◆ PROBLEM DESCRIPTION
Retype the lines below exactly, but only those from the line that has "- TUIFAC 3 Channel" through the line that has "جدول أبرز مباريات". Omit every picture.
*** INPUT DATA Section Begins ***
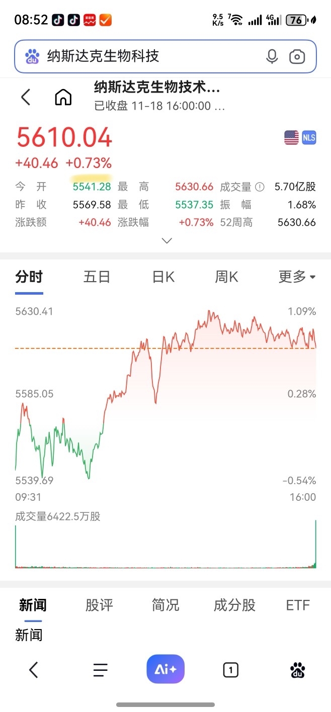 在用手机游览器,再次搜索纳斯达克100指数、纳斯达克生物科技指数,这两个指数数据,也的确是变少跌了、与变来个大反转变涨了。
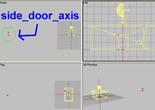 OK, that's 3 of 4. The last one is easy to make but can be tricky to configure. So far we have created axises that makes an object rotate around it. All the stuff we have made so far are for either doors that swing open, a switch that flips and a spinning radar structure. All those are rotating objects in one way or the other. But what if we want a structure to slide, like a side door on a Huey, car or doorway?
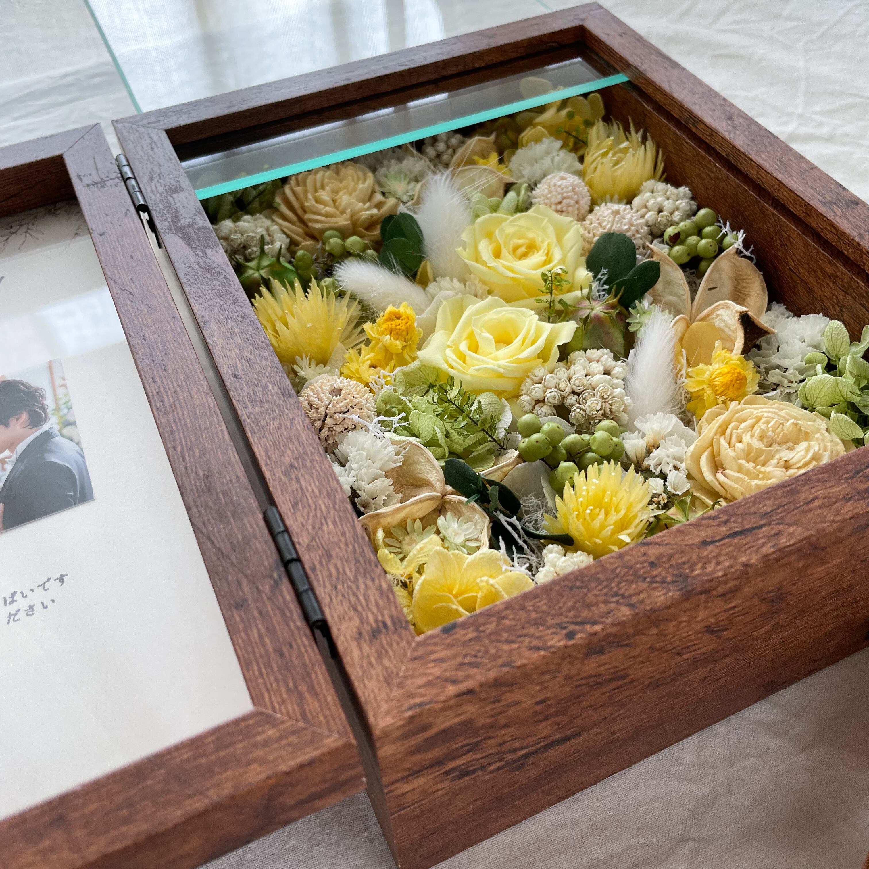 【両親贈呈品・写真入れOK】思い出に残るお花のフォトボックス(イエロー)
*** INPUT DATA Section Ends ***
*** INPUT DATA Section Begins ***
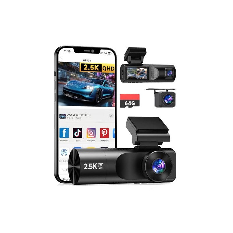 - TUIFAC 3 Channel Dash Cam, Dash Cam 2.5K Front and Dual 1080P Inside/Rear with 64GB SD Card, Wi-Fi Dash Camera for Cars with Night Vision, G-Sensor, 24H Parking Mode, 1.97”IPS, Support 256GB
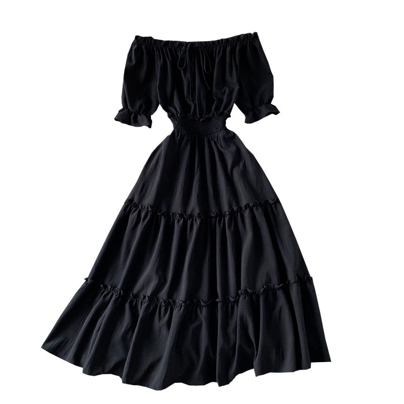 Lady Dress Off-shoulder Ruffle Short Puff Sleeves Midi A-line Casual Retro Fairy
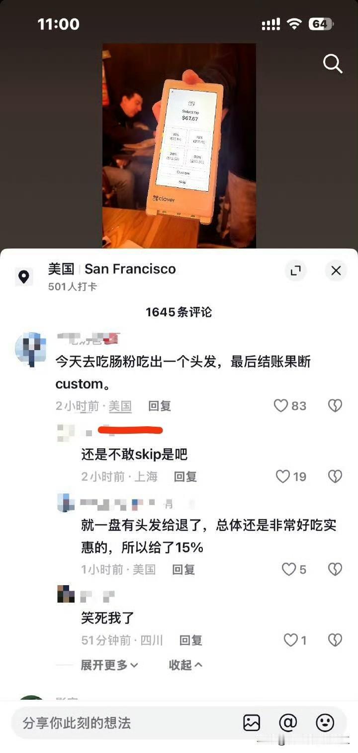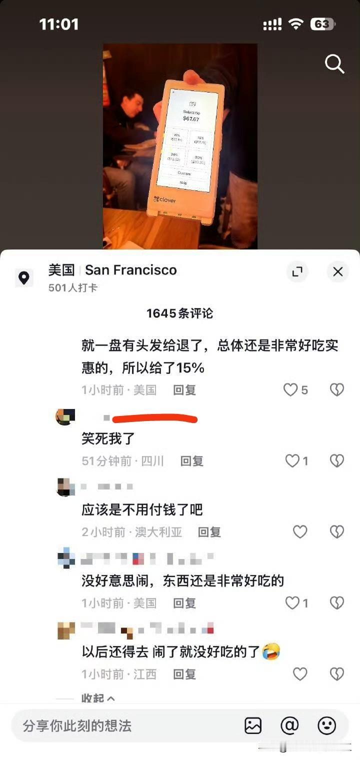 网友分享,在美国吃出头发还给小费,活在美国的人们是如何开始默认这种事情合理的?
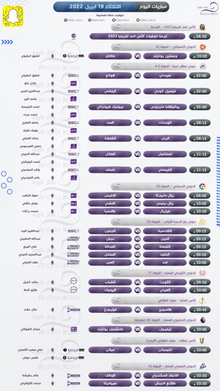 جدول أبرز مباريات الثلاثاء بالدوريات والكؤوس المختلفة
*** INPUT DATA Section Ends ***
*** INPUT DATA Section Begins ***
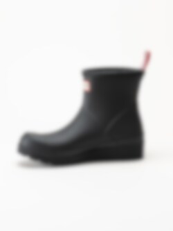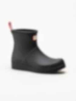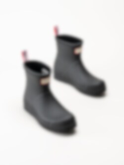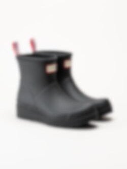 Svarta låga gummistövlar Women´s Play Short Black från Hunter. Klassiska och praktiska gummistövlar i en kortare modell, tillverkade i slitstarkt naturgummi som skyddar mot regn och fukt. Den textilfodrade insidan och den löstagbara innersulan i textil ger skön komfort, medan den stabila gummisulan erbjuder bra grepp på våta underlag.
*** INPUT DATA Section Ends ***
◆ WRITTEN SOLUTION
 - TUIFAC 3 Channel Dash Cam, Dash Cam 2.5K Front and Dual 1080P Inside/Rear with 64GB SD Card, Wi-Fi Dash Camera for Cars with Night Vision, G-Sensor, 24H Parking Mode, 1.97”IPS, Support 256GB
 Lady Dress Off-shoulder Ruffle Short Puff Sleeves Midi A-line Casual Retro Fairy
 网友分享,在美国吃出头发还给小费,活在美国的人们是如何开始默认这种事情合理的?
 جدول أبرز مباريات الثلاثاء بالدوريات والكؤوس المختلفة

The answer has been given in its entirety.